Postmortem studies of human cases of alcohol use disorders (AUD) suggest that brain volume reductions are largely accounted for by shrinkage of white matter [1-3]; for example, the corpus callosum is significantly thinned [3-5]. In vivo, disruption of white matter integrity in chronic alcoholism can be detected with diffusion tensor imaging (DTI) [6-10] and can be more sensitive than measures of macrostructure (i.e., white matter volume) for detecting the throes of alcoholism [11,12].
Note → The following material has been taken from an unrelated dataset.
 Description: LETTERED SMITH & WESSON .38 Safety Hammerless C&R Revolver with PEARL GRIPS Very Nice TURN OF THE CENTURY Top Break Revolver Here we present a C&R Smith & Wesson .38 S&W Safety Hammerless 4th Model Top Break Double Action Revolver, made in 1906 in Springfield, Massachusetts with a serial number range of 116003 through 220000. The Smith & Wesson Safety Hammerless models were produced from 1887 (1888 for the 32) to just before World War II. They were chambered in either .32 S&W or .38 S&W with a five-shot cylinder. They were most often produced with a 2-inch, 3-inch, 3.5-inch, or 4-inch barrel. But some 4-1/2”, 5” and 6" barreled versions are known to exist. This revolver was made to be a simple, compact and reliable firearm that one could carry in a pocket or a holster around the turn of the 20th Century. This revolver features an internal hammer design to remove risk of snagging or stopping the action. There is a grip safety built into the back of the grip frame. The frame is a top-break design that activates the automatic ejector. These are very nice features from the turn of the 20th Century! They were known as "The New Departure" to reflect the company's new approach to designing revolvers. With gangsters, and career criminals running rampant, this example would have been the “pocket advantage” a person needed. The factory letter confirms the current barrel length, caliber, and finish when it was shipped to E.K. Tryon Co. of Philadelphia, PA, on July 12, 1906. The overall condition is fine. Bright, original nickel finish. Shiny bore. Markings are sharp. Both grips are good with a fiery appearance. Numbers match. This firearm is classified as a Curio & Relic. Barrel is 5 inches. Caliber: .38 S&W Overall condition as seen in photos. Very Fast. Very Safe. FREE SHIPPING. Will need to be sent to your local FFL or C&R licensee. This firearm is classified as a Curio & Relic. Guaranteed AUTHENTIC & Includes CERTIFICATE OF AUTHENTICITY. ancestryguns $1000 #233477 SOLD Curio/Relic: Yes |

Metrics of DTI provide indices of different features of fiber condition: fractional anisotropy (FA) indexes the degree of coherence of fiber tracts and ranges between 0 (lowest) to 1 (perfect linearity), and mean diffusivity (MD) is indicative of unrestricted water movement and reflects some aspects of tissue architecture [13-18]. Two derivative measures of mean diffusivity provide indices of selective features of white matter tracts: longitudinal diffusivity (also called axial, λL) is thought to reflect axonal integrity, whereas transverse diffusivity (also called radial, λT) is thought to reflect myelin integrity [19-21]. A common finding in adult human alcoholism is evidence for greater degradation (lower FA and higher MD with λT particularly affected)[22] of anterior (e.g., genu, anterior cingulate bundle, and frontal forceps) than posterior (e.g., splenium) white matter fiber tracts [7,8,11,23-27]. Mechanisms of alcoholic white matter injury, however, remain unknown.
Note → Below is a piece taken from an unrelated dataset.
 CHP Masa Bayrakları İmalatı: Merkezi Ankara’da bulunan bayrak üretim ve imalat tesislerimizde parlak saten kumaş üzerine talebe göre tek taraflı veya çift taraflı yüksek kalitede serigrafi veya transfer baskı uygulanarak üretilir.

Animal studies permit the interrogation of factors underlying white matter sensitivity to alcohol exposure. Animal models of components of human AUD enable control over relevant variables, such as amount, length, and pattern of alcohol exposure [28,29]. A variety of methods are available for exposing animals to alcohol and include vapor inhalation, intragastric infusion, and voluntary drinking. The 4-day binge protocol has been used extensively to model alcoholism in rodents because sustained blood alcohol level (BAL) elevations by intragastric alcohol administration have been shown as adequate for rapid induction of physical dependence in the rat [e.g., 30,31].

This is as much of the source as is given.